Archive for July 2010

Valuable Archive

July 19, 2010

The OPC has provided a treasure chest of back issues of The Presbyterian Guardian.   You can browse individual issues at their website or download the entire archive from 1935 – 1975 which is almost a full gig of material.  There are quite a few articles and material related to Gordon Clark and the infamous “Clark” case that readers of this blog will certainly be interested in.  Tom over at Trinity Foundation pointed me to the June 10, 1944 issue dealing with the controversy.  Also in that same issue is a report of move at the OPC GA to bring Westminster Seminary under church oversight and control that was beaten.  The importance of this little tidbit is that one of John Robbins central claims in his piece, Can the OPC be Saved?,  and in response to the misinformation being promulgated by Vantilian and OPC historian John Muether, is  that one of the underlying issues driving the Clark case was the attempt by the WTS faction to block a takeover of the seminary by the church.  Dr. Robbins writes:

Muether’s allegation that what was at stake in the controversy was whether the OPC’s ecclesiology would be Evangelical or Reformed is also unsupported by any documentary evidence Muether cited. The ecclesiological issue in the controversy was whether the parachurch institution, Westminster Seminary, would be subject to Church oversight. It was the WTS faction that opposed such ecclesiastical oversight, making them, not Dr. Clark, the advocates of an un-Reformed ecclesiology.  The official OPC Historian is not reporting history, but writing propaganda. Until the leaders of the OPC are willing to come to grips with history and acknowledge their errors of both teaching and practice, the denomination will continue its descent into apostasy.

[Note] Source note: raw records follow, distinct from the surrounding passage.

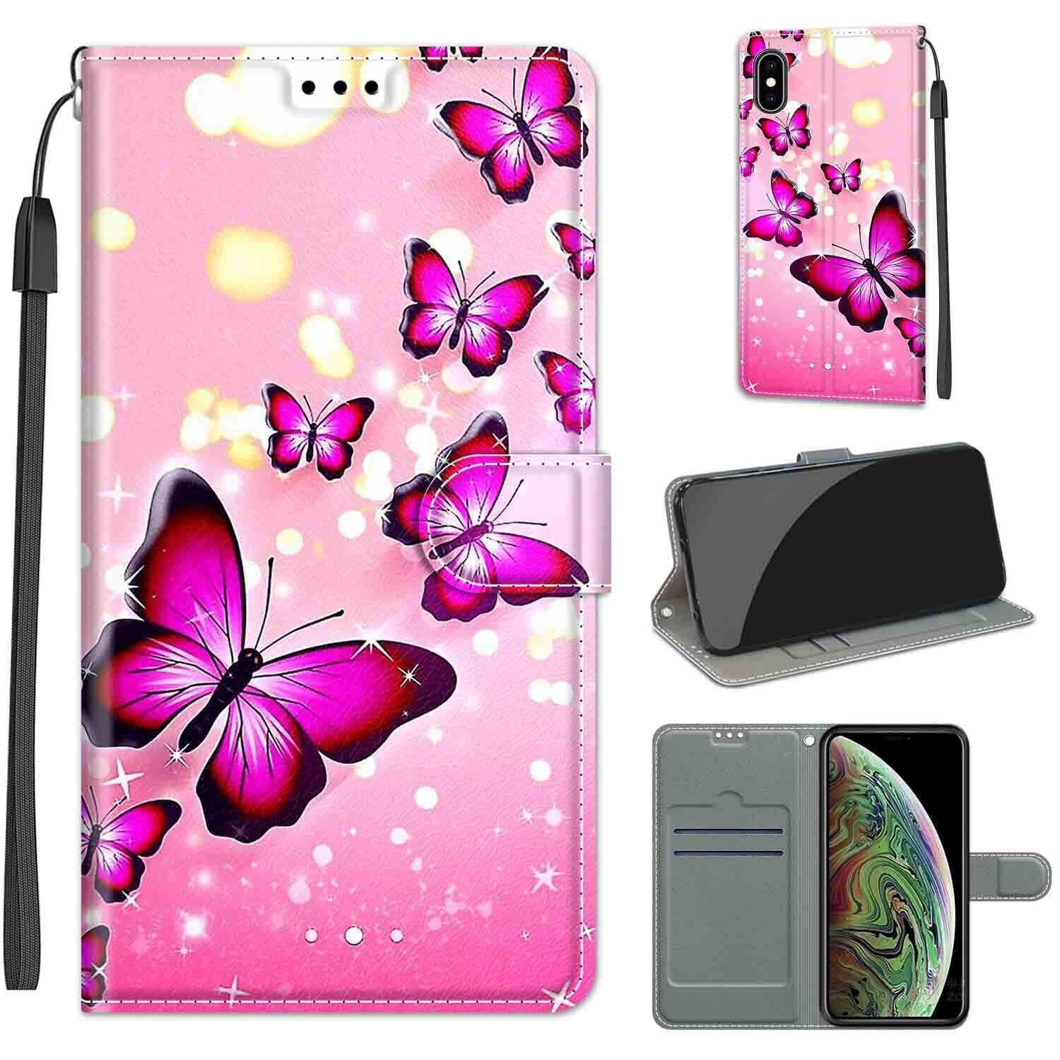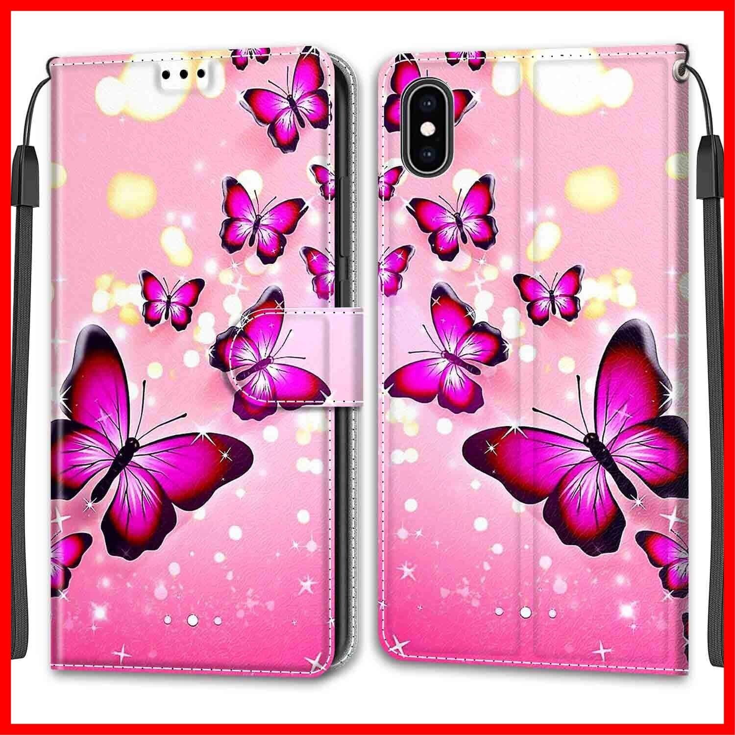 KENHONER iPhone XS Max ケース 手帳型 対応 薄型 超軽量 高級PUレザー ケース 保護ケース カードポケット付き マグネット式 スタンド機能 耐衝撃 スマートフォンケース アイフォンXS Max ケース (ピンクの蝶)
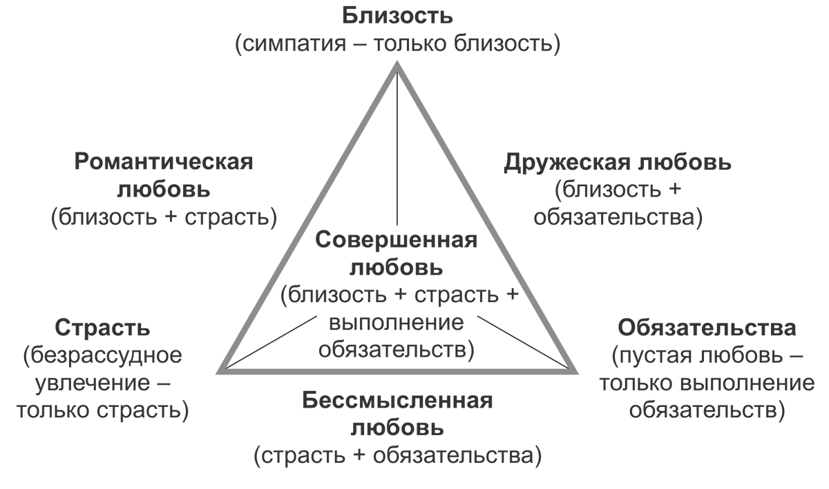 Согласно официальной психологии, Совершенная любовь — это сумма 3 составляющих: Близость + Страсть + Обязательства
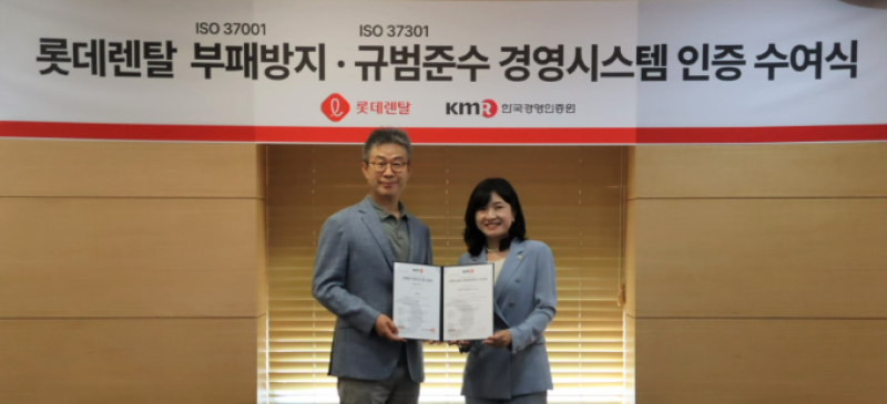 롯데렌탈은 지난해 8월 부패방지경영시스템 인증을 획득한 데 이어 지난달 규범준수경영시스템 인증에도 성공해 업계 최초로 통합인증을 달성했다. 기업의 사회적 책임과 윤리적 경영을 강화하기 위해 전사적 차원의 준법경영 시스템을 구축해온 점을 높이 평가받았다고 설명했다.
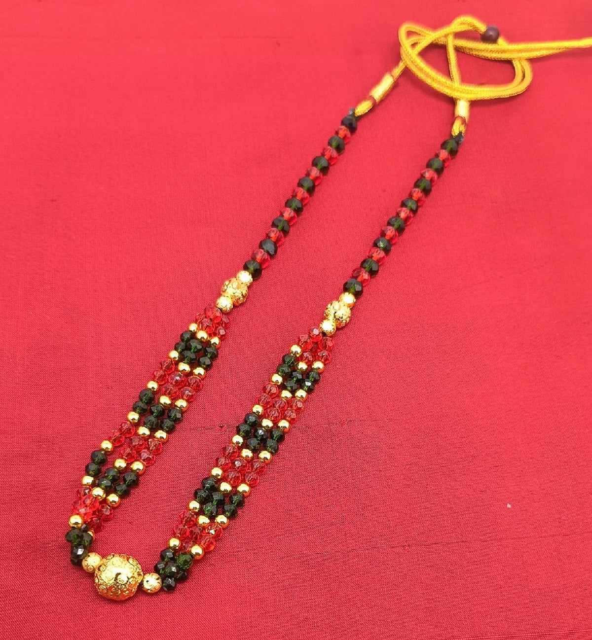Classic Red & Green Beaded Necklace with Golden Centerpiece – Traditional Festive Jewellery for Women
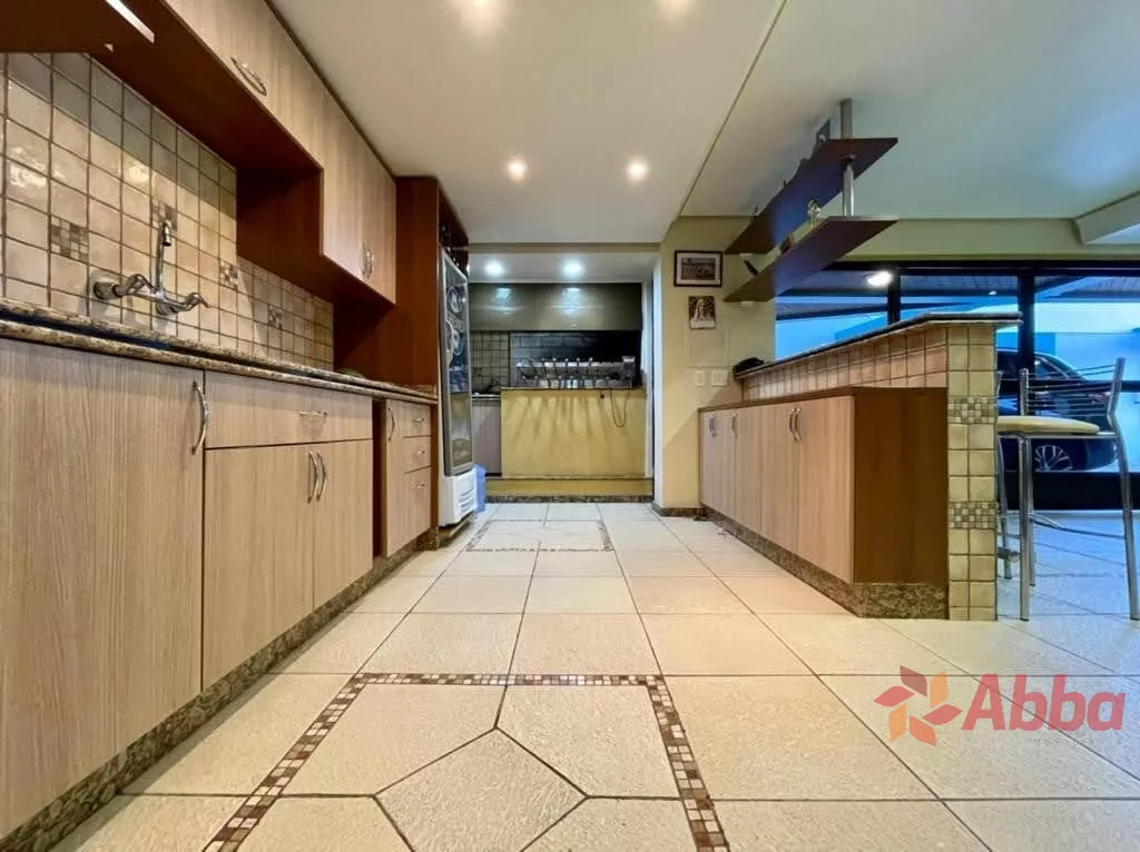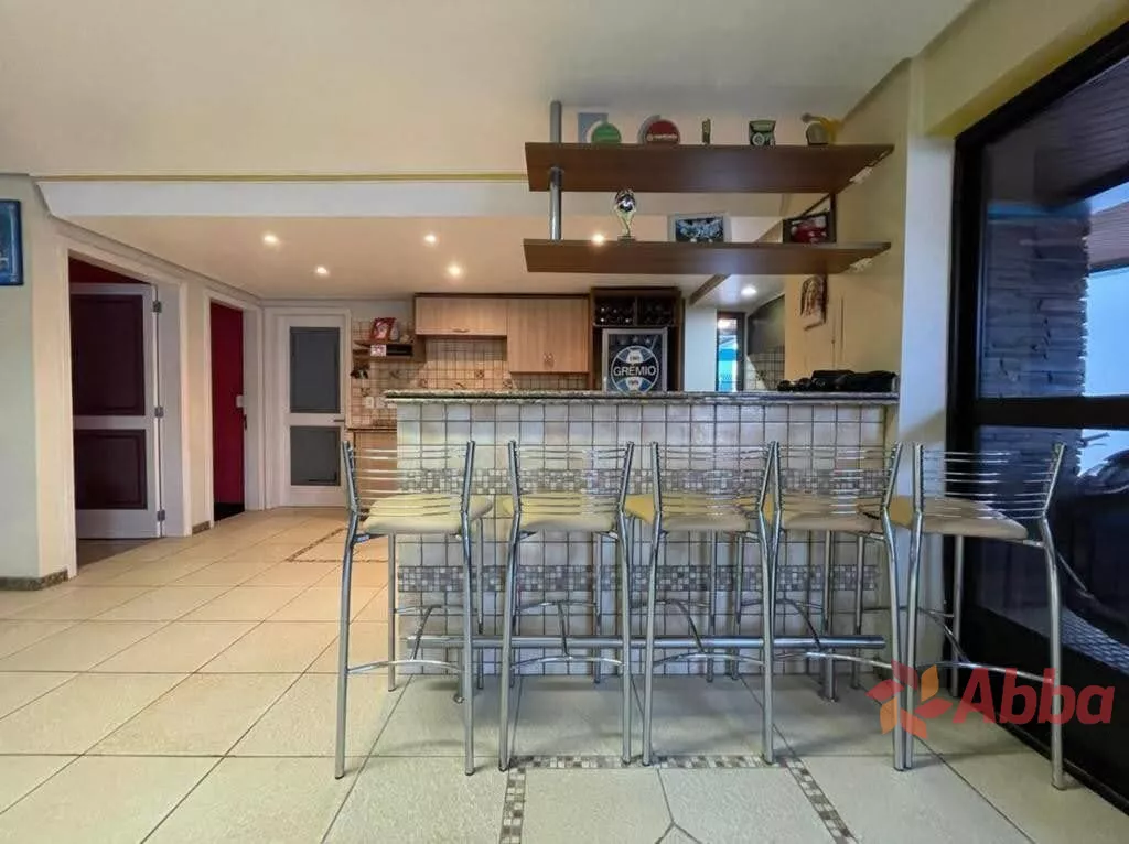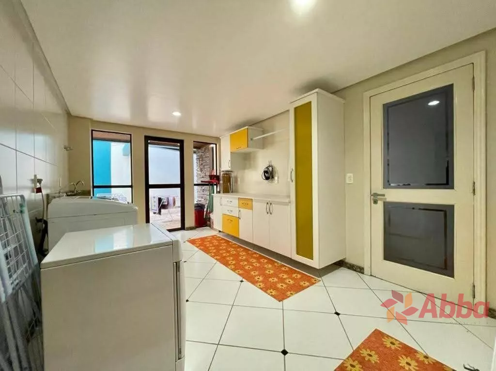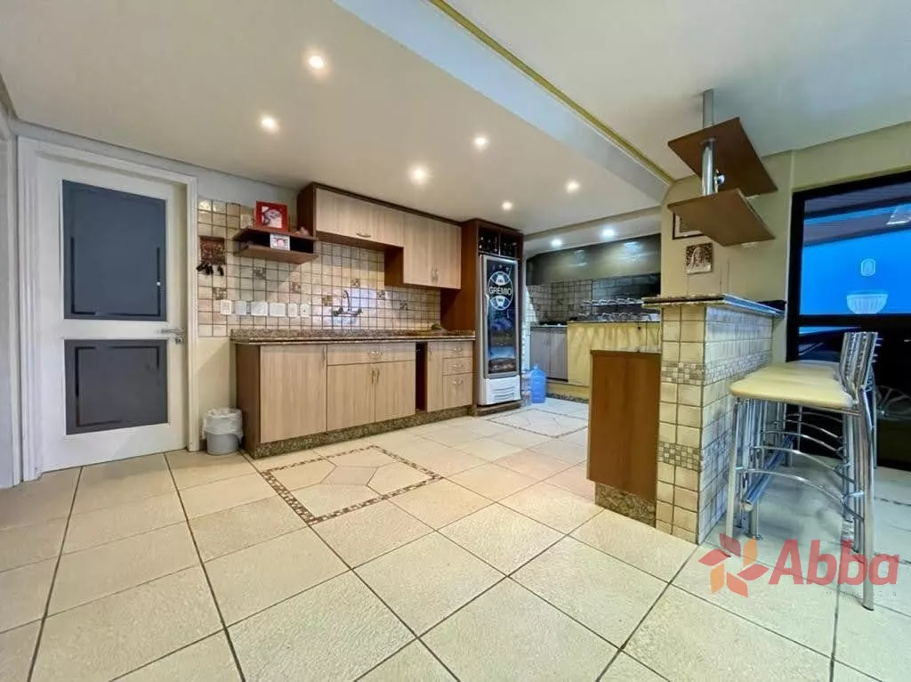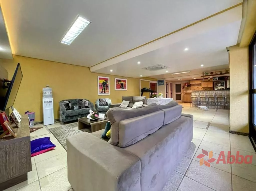 O espaçoso living é dividido em três ambientes, um deles com lareira, e todos apresentam acabamento em gesso e sancas, proporcionando um toque de sofisticação. A cozinha é ampla, a lavanderia é separada e há uma área gourmet equipada com churrasqueira, ideal para receber amigos e familiares.

Also, for those who are interested, I strongly recommend reading both The Complaint that C. Van Til and the WTS faction filed against the ordination of Gordon Clark along with The Answer Clark and associates provided in response to the complaint.  Reading each of these critical documents point by point is guaranteed to be an eye-opener as they illustrate what a critical watershed the Clark/Van Til controversy really was in P&R history and why the issues debated generations ago are still vitally important today.   (*If you want to read these online rather than just printing them out, you’ll have to change the orientation when viewing them in your Adobe reader).